There’s some amazing big-screen spectacle in this weird postmodern emo photo-love drama from Japanese anime director Mamoru Hosoda, whose previous film Mirai elevated him to auteur status. Suzu, voiced by Kaho Nakamura, is a deeply unhappy and lonely teenager at high school, who lives with her dad. Her mum died some years ago, attempting (successfully) to save a child from drowning and Suzu can’t come to terms with the zero-sum pointlessness of this calamity: a total stranger was saved but her mother died. Or not zero in fact: while her loss increased the sum-total of unhappiness, the most popular boy in school – a friend since they were little – is tender and protective towards Suzu.

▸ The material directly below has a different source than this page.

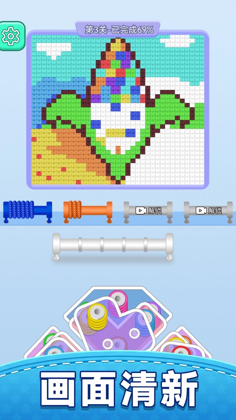 3、通过完成消除任务持续收集各色毛线,亲眼见证黑白线稿逐渐变成缤纷彩色图画的过程;

Her life is complicated further when she is persuaded to join a virtual reality meta-universe called U, a glittering unearthly city like a next-level Manhattan or Shibuya. (Presumably entry into this fantasy world needs a VR headset, although oddly this is not made plain.) Participants have their biometrics read and get an enhanced avatar of themselves and Suzu finds that she is now “Belle”, an ethereally beautiful young woman with quirky freckles and a wonderful singing voice. To her astonishment, Suzu finds that Belle is becoming a colossally famous singer – but at the very high point of this meta-success she comes across the Beast, who disrupts one of her concerts: a brutish, aggressive outcast figure loathed by the self-appointed vigilante guardians of U.